Гостья скривилась в недоверчивой улыбке, отёрла мокрый от слёз подбородок.
— Ну да, сепаратист… Сепаратистов не жалят…
— Ещё как!.. Дроны-то — американские…
— Это русские дроны! — возразила она, и лицо её вновь стало тревожным и растерянным.
Я сделал над собой усилие — и сел. Переждал нахлынувшую слабость. Боже, как хорошо…
— Ага… — сипло сказал я. — Русские… С личиком Мэрилин Монро! Да русские бы там скорее Спаса Нерукотворного изобразили…
— А вдруг это Богородица?
— Распокрытая? Ты что, с ума сошла?..
— Но меня же… тоже ужалили… — беспомощно произнесла она.
Уставились друг на друга.
— Ты лучше, знаешь что… Ты это… банку вскрой…

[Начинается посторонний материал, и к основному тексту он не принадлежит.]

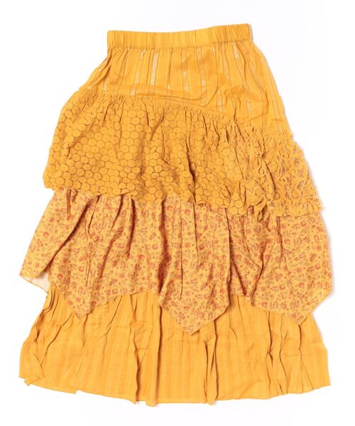 2種類のレース生地と艶やかなプリント生地、ラメ糸の入ったコットンドビー生地を組み合わせたロングスカート。コーデの雰囲気をがらりと変えてくれる華やかなデザインです。※こちらの商品は1点1点職人による手作りとなります。その為、生地の取り方により柄の配置や形・色合いなど若干異なる場合がございます。あらかじめご了承ください。※屋外での撮影画像は、光の当たり具合で色味・カラーが違って見える場合がございます。商品のカラーは、スタジオ撮影の画像をご参照ください。Amina Collection Co.,LTD.

Поднялась, достала банку, вскрыла. Сделал пару-тройку глотков, поперхнулся горошиной, закашлялся. Тамара взглянула вдруг на меня с прежним подозрением и, ухватив за цевьё беспечно брошенную «сучку», отложила подальше. На всякий случай.
Пришла ночь — опасная, тихая. Настолько опасная и тихая, что я бы предпочёл артобстрел. Кстати, с тех пор как прекратились бомбардировки, воздух снова отстоялся, сделался прозрачен — в зарешеченное оконце светили редкие крупные звёзды. Такое впечатление, будто их стало меньше как минимум на треть. Не иначе посбивали.
Изредка снаружи приходил звук, подобный отдалённому топоту многих ног. Или копыт. Должно быть, дроны.
— Слушай, Толик… — позвала из темноты Тамара (на ночлег она расположилась в противоположном углу — подальше и от меня, и от оконца). — Но если не американские и не русские… Чьи тогда?
Я не знал, что ответить. Поправил скатанный бушлатик, служивший мне подушкой, вздохнул и ничего не сказал.
— Толик… — снова позвала она. — А что если…
— Вот только про инопланетян не надо, — хмуро предупредил я.
— Почему?
— Инопланетяне Библию не читают, — буркнул я. — А дроны — сама видишь — чистая саранча из «Апокалипсиса»… Это ж не случайно, правда? Нарочно так разрисовали…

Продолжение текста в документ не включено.